- [GIVEN MATERIAL]:
::::

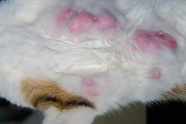 In mild or early cases of mastitis, the first sign of a problem may be that the nursing kittens are not gaining weight as quickly as expected. Careful examination may reveal slight swelling or inflammation of the affected mammary gland. In these stages, the affected cat often does not show any signs of illness and may show only minimal discomfort.
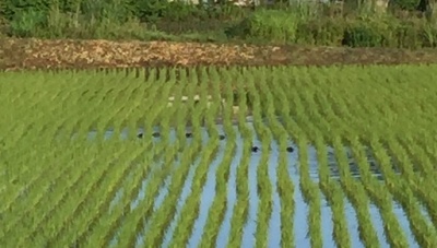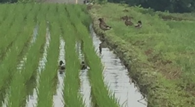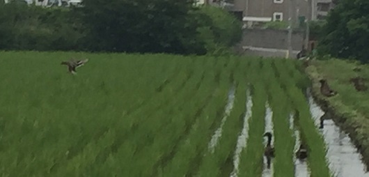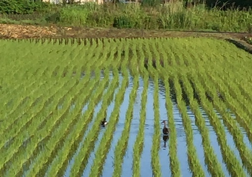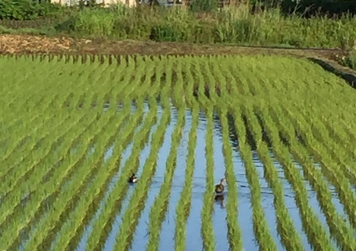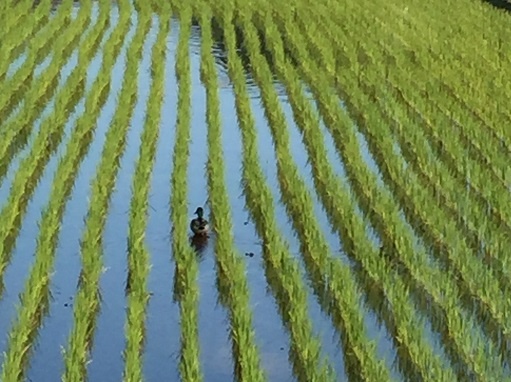 朝田んぼの前を歩いていると、青々と育った稲の間を鴨が泳いでいました。
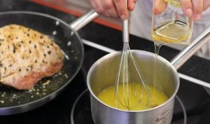Готовата шунка сложете в сгорещено олио и запържете от всички страни, докато стане червен. В тиган загряваме портокалов сок, добавете коняк, мед и доведете до кипене.

::::

- [HOW TO COMPLETE THIS TASK]: Retype all of the material above exactly; the pictures stay out.

- [RESPONSE TO THE EXERCISE]:
 In mild or early cases of mastitis, the first sign of a problem may be that the nursing kittens are not gaining weight as quickly as expected. Careful examination may reveal slight swelling or inflammation of the affected mammary gland. In these stages, the affected cat often does not show any signs of illness and may show only minimal discomfort.
 朝田んぼの前を歩いていると、青々と育った稲の間を鴨が泳いでいました。
Готовата шунка сложете в сгорещено олио и запържете от всички страни, докато стане червен. В тиган загряваме портокалов сок, добавете коняк, мед и доведете до кипене.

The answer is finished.